On Apr 21, 2005, at 8:02 PM, Galen wrote:

I'm looking for some suggestions for an inexpensive AGP video card here. I'm building a stand-alone HDTV system, there are no other planned uses (no games, etc), with an Athlon 64 3200, possibly an A64 3500 depending on cost when I purchase. Motherboard supports AGP 8x. In theory, the graphics card doesn't need to be something too massive, just a solid conduit to the screen, perhaps with XvMC to boost performance a little. In particular, I would like to be able to run full 1920 x 1080 via DVI, be able to use a DVI to VGA adapter if desired (pretty standard), and boot directly to S-Video (for when I am hooked to an analog TV). Is such a thing possible? Can you offer any suggestions?

Yes, I did search, but I'm having a little difficulty putting everything together; 1920x1080 DVI issues, S-Video booting, etc.
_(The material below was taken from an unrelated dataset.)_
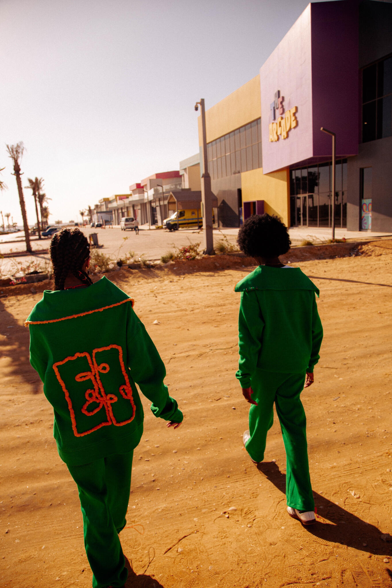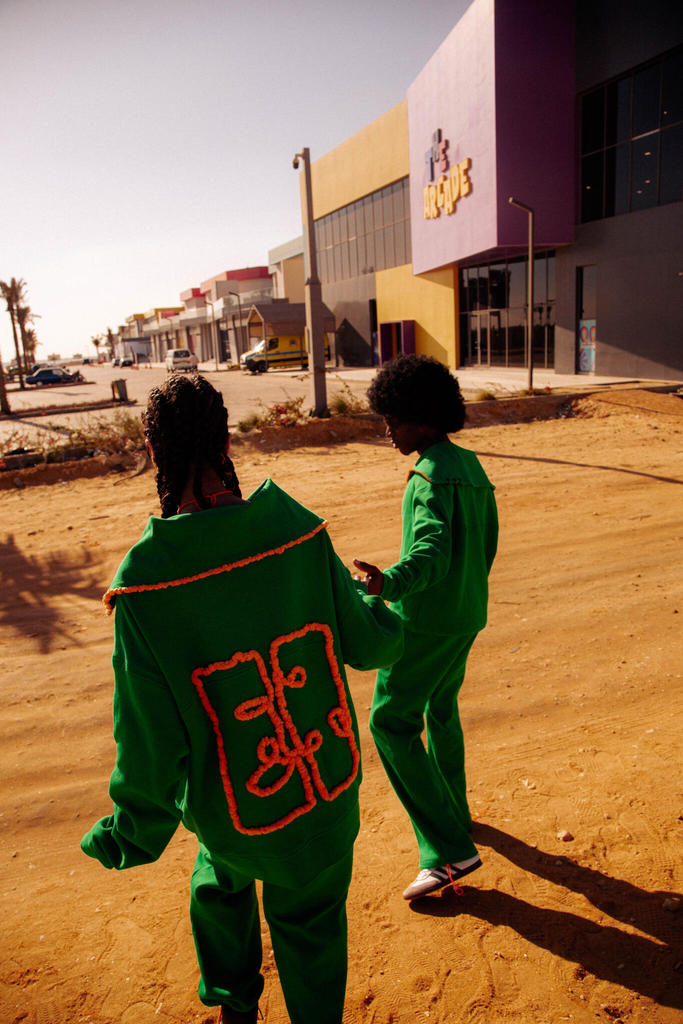 Relaxed-fit green polo sweater with an oversized hood and bold orange zipper, decorated with vibrant orange furry-thread details that bring a playful, textured twist to a classic streetwear piece.
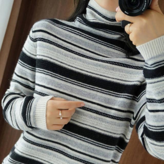 ウール混 ニット レディース 冬 セーター ハイネック カラフル ボーダー 長袖 秋冬 秋 冬 トップス 細身 タイト カットソー 大きいサイズ S-3XL

Your help would be appreciated.

As for my background, I'm a spoiled Mac user working on plans for an HDTV MythTV box. :P I'm really comfortable with the unix-stuff on the software-only side, but the hardware and driver stuff, especially under Linux requires some adjustment on my part! I'm used to hardware working or not with pretty straightforward drivers (and in most cases, none at all - it just works), and the thought of recompiling my kernel for hardware support is still slightly amusing to me. I'm sure it will become serious enough soon enough, however! I have done some work on my darwin kernel under OS X, manually patching it to change the power management for my laptop, but that was super non-standard stuff. I've also made some custom builds of VLC for OpenGL accelerated YUV conversion, custom builds of DVD rippers for enhanced quality encoding, etc. So I'm not a dummy, but I'm just not an x86/Linux hardware expert, if that makes any sense to you people out there.